# 3D Hat Embroidery Shop



## Chabbs (Feb 7, 2011)

Ive been struggling to find an embroidery shop in the Miami/Fort Lauderdale area, that can do 3d printing on hats. I'm creating a clothing line and need the embroidery to be high quality, like the stitching you would find on a new era hat, but the quality at these local places has been no where close to that. Are there any online embroidery shops that anyone has used that do high quality work? Its a one color job, is trying to get this done for around $5 per hat an unreasonable request?


----------



## WainiacS (Mar 6, 2017)

Hi There,


Pricing is based on stitch count and qty. Are you able to snap a pic of the art you want embroidered?

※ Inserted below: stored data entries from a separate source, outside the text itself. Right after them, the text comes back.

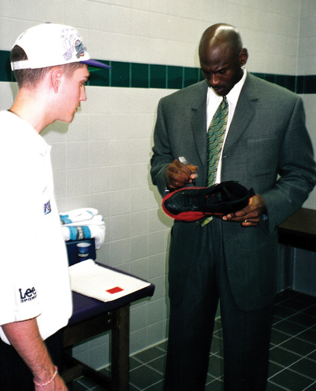 Труман доказа, че кецовете са истински, показвайки снимка, на която ясно се вижда как считаният от мнозина за най-велик баскетболист в историята оставя автографа си върху маратонките, моменти след като ги е подарил на младока.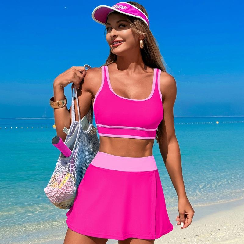 Bikini de Dos Piezas para Mujer, Traje de Baño de Secado Rápido con Falda Deportiva, Venta al por Mayor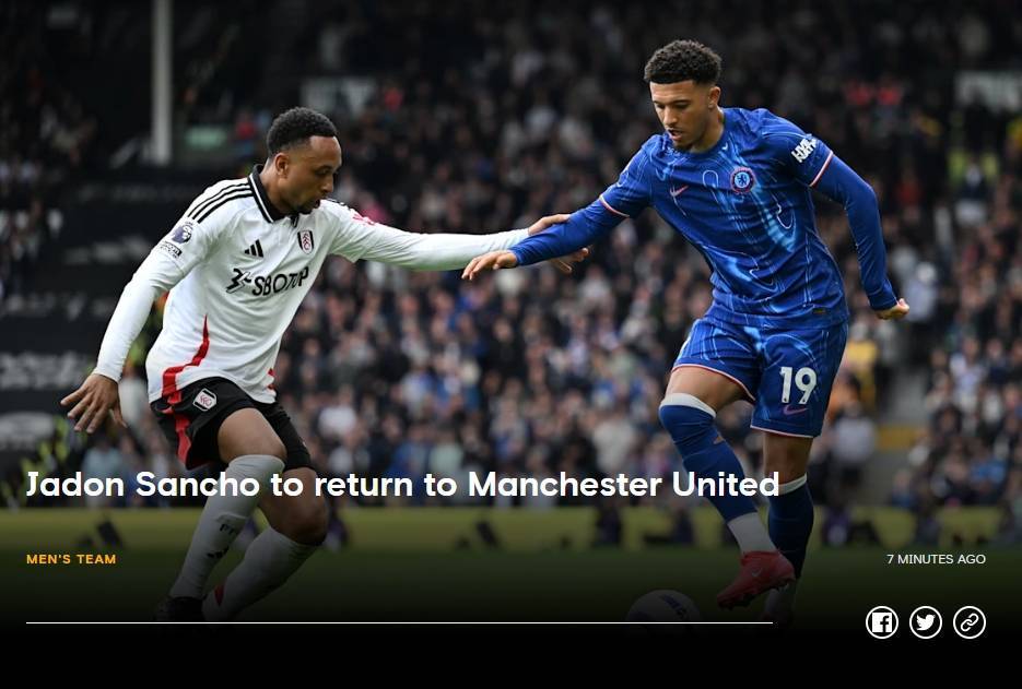 直播吧06月11日讯 切尔西发布官方公告,桑乔租借期满回归曼联。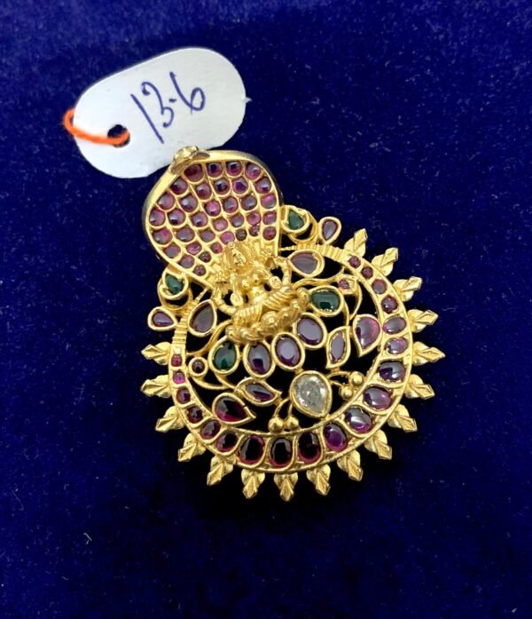 Be the first to review “925 silver gold plated Laxmidevi pendant with kundan design”

If so, post it here and people will be able to give you some input.


Good Luck,


Wayne


----------



## Chabbs (Feb 7, 2011)

Wayne,


Thanks for the response. Here is a picture of the DTS file.


----------



## splathead (Dec 4, 2005)

:: Post moved to the Referrals and Recommendations section. Feel free to now offer your own services to the original poster. ::​


----------



## Chabbs (Feb 7, 2011)

Is there a specific machine that produces high quality work, that I should be asking to see if companies have? Is my DST file garbage, should I get it redone?


----------